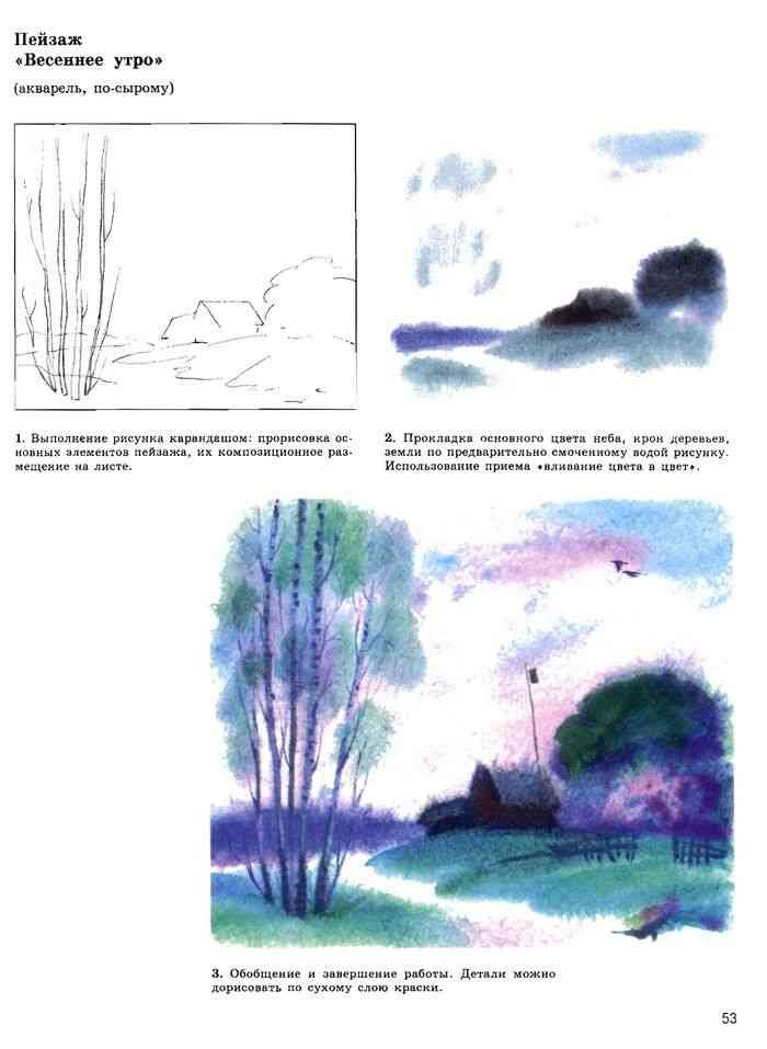 Весенний пейзаж акварелью поэтапно для детей
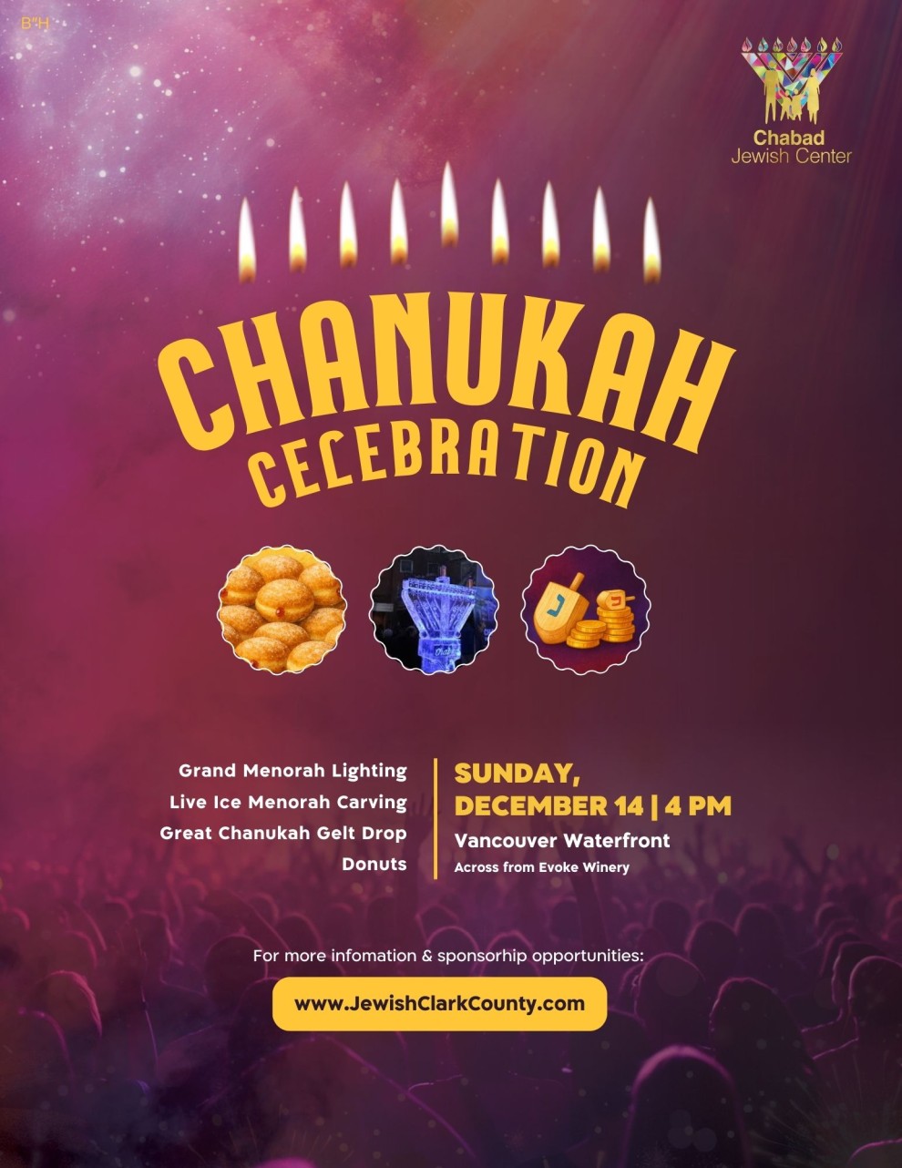 Chabad Jewish Center will celebrate the first night of Chanukah with the lighting of the 19-foot Grand Menorah at the Waterfront (near Evoke Winery). Enjoy free donuts, festive music, a live ice carving of a menorah, and—for the children—chocolate gelt dropped from the sky!
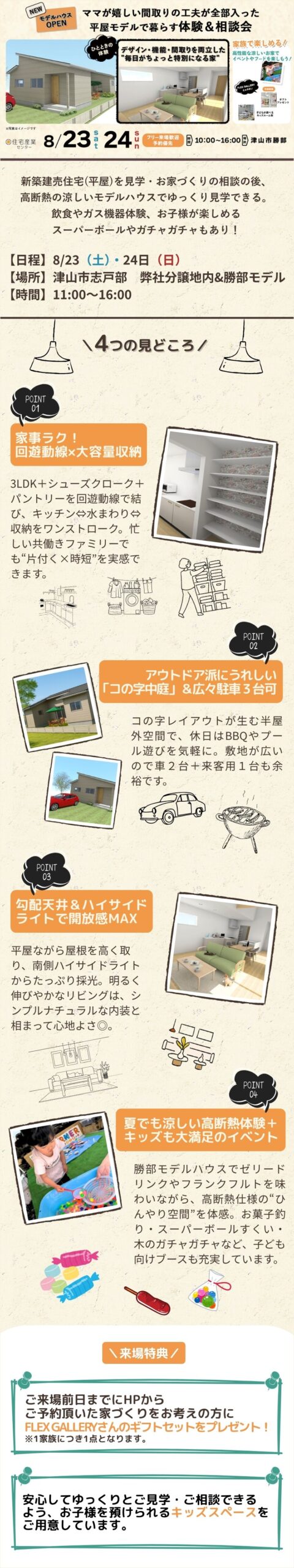 新モデル|ママが嬉しい間取りの工夫が全部入った平屋モデルで暮らす体験&相談会
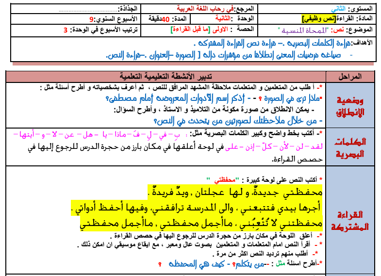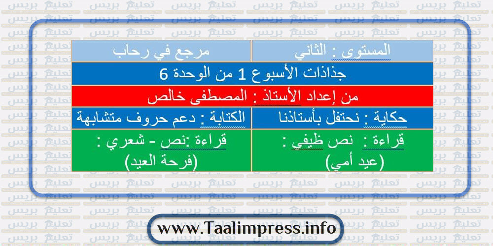 جذاذات في رحاب اللغة العربية المستوى الثاني ابتدائي موضوع متجدد موقع الأساتذة والتلاميذ للتعليم عن بعد

- Task instructions -
Print exactly the line containing "新モデル|ママが嬉しい間取りの工夫が全部入った平屋モデルで暮らす体験&相談会" and every line after it through the final line above, and leave all pictures out.

- Task output -
 新モデル|ママが嬉しい間取りの工夫が全部入った平屋モデルで暮らす体験&相談会
 جذاذات في رحاب اللغة العربية المستوى الثاني ابتدائي موضوع متجدد موقع الأساتذة والتلاميذ للتعليم عن بعد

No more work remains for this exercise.